Alfred Love Jr

By RayJaun Stelly, The Seattle Medium  

Long before Cleveland’s new girls’ head basketball coach Alfred Love, Jr., took over the program; he had already been putting his imprint on helping youth through the game of basketball. From the time he picked up his first clipboard in the 1980s, Coach Love, just like his name says, did what he loves to do as a basketball coach at Rainier Beach Community Center.

From his days at Rainier Beach Community Center, his journey would begin to branch off. In 1995, Love would spend two years as an assistant coach for the Chief Sealth girls’ team before returning to South Seattle in 1997 to become an assistant coach at Rainier Beach High School. Then with experience at both the recreation and high school level, Love returned to coaching at the youth level in 2002.

When asked what made Love start coaching, his response was, “I realized I have a connection with the youth, I’ve been doing it for 30 years, and the time goes by fast when you’re doing what you love.”

For Love, the time went extremely fast, considering that he planned to stop coaching in 2008 after his players turned ten years old. However, fate and his willingness to make sure that the kids had an opportunity to develop their skills and play the game took over, and Love found himself back on the bench instilling lessons in teamwork, leadership, and sportsmanship.

“I was expecting the kids would advance to play with other coaches,” said Love. “The previous girls’ basketball coach at the community center didn’t return, so the center asked if I would continue coaching the girls, to which I agreed.”

One year later, in 2009, Love founded the SYRF basketball program, which stands for Seattle Youth Recreation Foundation. According to Love, the name is based on the following theory; Seattle is where we’re from, Youth is the community served, Recreation is the type of program they have, and Foundation provides the base and beginning skills for youth wanting to learn basketball.

The genesis of the team was Love’s desire to have his team travel and participate in tournaments outside of Seattle. But to do this, he needed to raise money, which was difficult for a community center team to do.

“In my first year of coaching the 10-year-old girls, we had a weekend off during Presidents Day,” explained Love. “This is a normal break in the season, which I had forgotten about when I had my previous coaching stint, but I was frustrated because it felt like our team was the only one that wasn’t traveling somewhere that weekend to play basketball.”

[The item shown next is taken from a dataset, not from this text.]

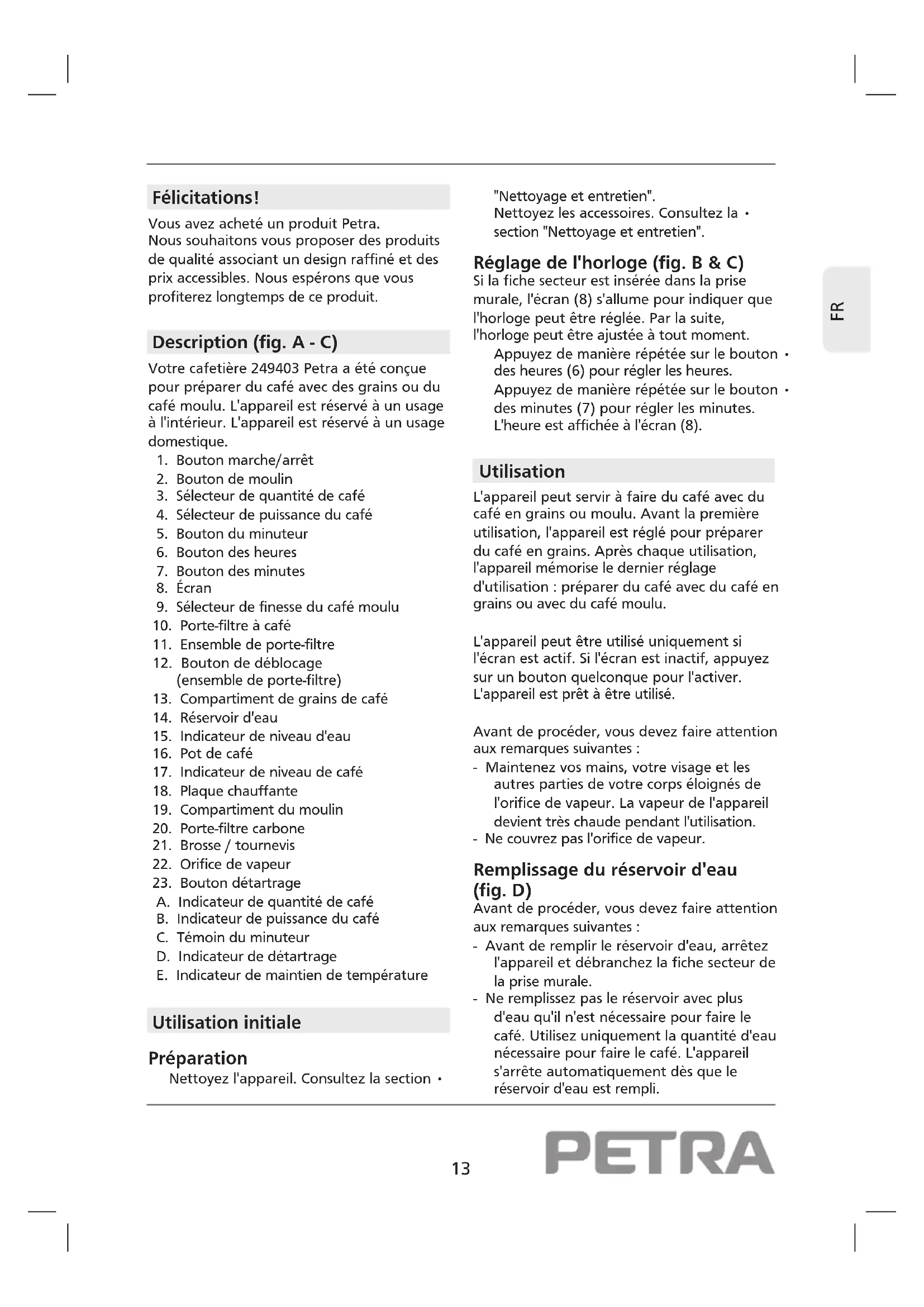 Félicitations! Vous avez acheté un produit Petra. Nous souhaitons vous proposer des produits de qualité associant un design raffiné et des prix accessibles. Nous espérons que vous profiterez longtemps de ce produit. Description (fig. A - C) Votre cafetière 249403 Petra a été conçue pour préparer du café avec des grains ou du café moulu. L'appareil est réservé à un usage à l'intérieur. L'appareil est réservé à un usage domestique.

Using that frustration as motivation, Love was determined to raise enough money to take his team to a tournament the following year. Going through the process of searching for travel funds without much luck, Love re-routed and found it beneficial to create a non-profit to help receive donations simply. With that in mind, he founded SYRF and received a grant from none other than Nike. In addition, he earned a grant from his job after being named the volunteer of the year.

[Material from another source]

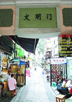小南门(又称定海门):现德政路与文明路交界处。从前小南门往北可通向番禺学宫(今农讲所),小南门东门处便是广东贡院。

After raising money for his team, Love took his first girls’ basketball team to Portland in 2010 to play in a President’s Day weekend tournament. Since then, the program has grown to include multiple teams for both boys and girls that allow them to enjoy travel and play basketball.

“For many of these kids, this is their first time traveling with a team,” said Love. “We make things affordable for kids to have this experience, and it is not about the wins or losses. We have a lot of kids in our program who have gone on to play in high school and college as well.”

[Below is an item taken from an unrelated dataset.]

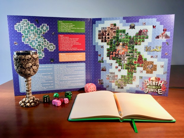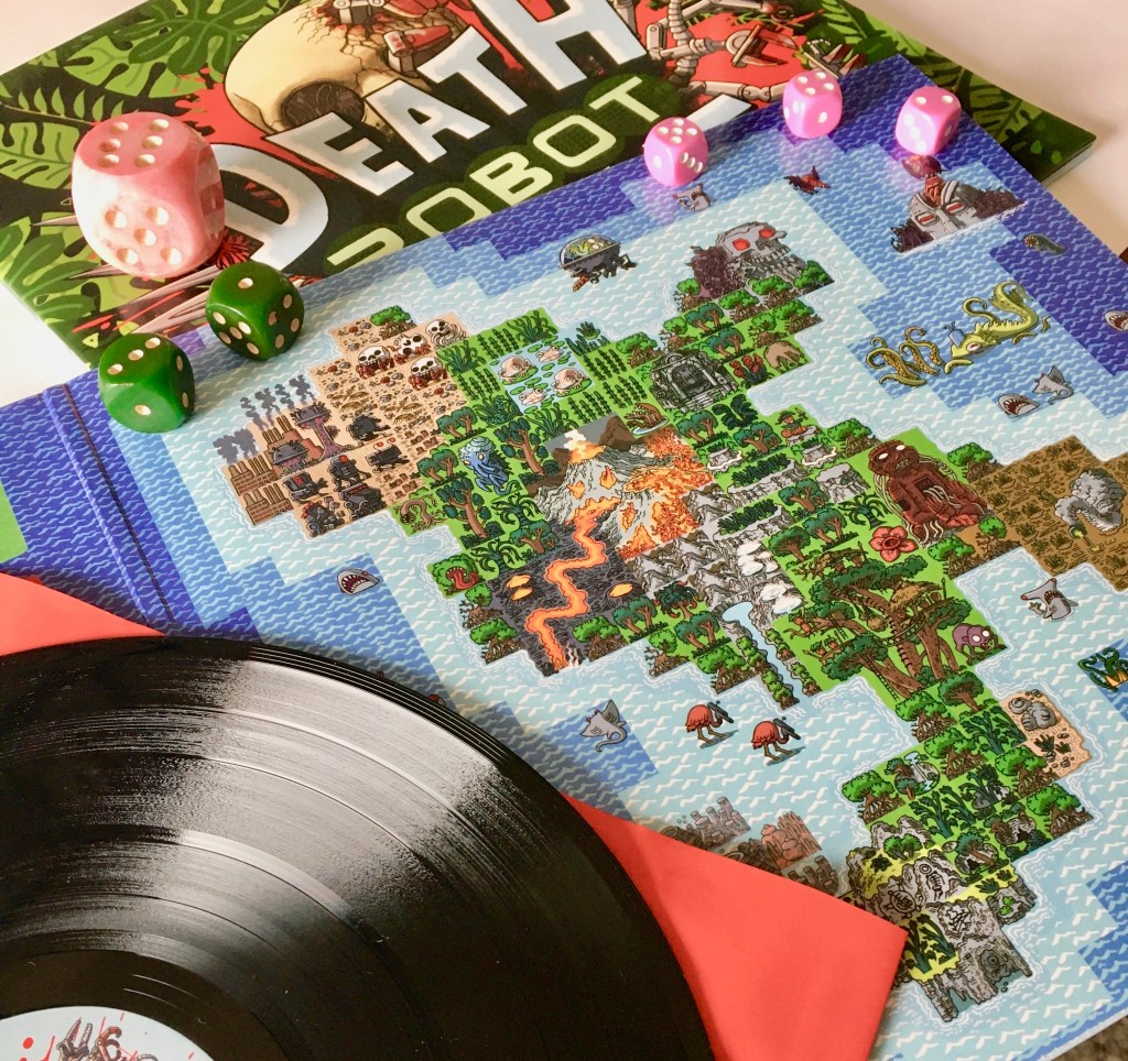 Death Robot Jungle is the first RPG setting in LP format. From the outside, it looks like a regular record. Open it and it doubles up as a GM screen with a minimalist description and a psych-map illustrated by JASON BRADLEY THOMPSON (Hot Springs Island, D&D walkthroughs).

Unlike many other traveling basketball programs across the country, SYRF is affordable and allows all kids interested in participating.

“We don’t have any tryouts for our teams, we don’t make cuts or charge enormous fees like some AAU programs, and all of our coaches are volunteers,” says Love. “We have a wonderful relationship with Seattle Parks and Recreation and Rainier Beach Community center, which has always been our home. Our program also offers basketball skill development classes in the fall and spring for youth and our basketball teams in the winter.”

Having the ability to build a program from the ground up, Love was looking to do that yet again at the high school level and wanted to do so in South Seattle because that is where he has called home, which ultimately landed him at Cleveland High School.

In most cases, a team and coach’s success are defined by wins and losses, but Love isn’t abiding by that typical sports stereotype when it comes to his coaching or his team. Instead, he’s found an alternate style of coaching and mantra, emphasizing players determine their own rules of success and do whatever it is that they find to be successful.

According to Love, basketball teams and programs will have good years and bad years, and while he is determined to build a successful program at Cleveland, he is equally focused on making sure his team is prepared for their next levels of life.

“We can win games or win a state title, but if I can’t prepare you for college, I have failed,” said Love. “It’s not just about playing sports at the next level; it’s about having them prepared.”

With players like Cheyenne and Whitney Wilson, Jayde Christopher, Makala Roper, and Myzhanqiue Ladd, who all helped put state title banners on the gym walls of the school, the Cleveland girls’ basketball program was once a force to be reckoned with on both the local and national basketball landscapes. With Love looking to rebuild the program, he knows that the bar is set high, and reaching it will not happen overnight.

“I have to remind my girls that you have banners on the wall,” said Love. “It’s more than just coaching for me; it’s beyond the court we’re looking for, and this is going to be a three-year plan.

We must dig down and get our foundation first, then build up,” Love concluded.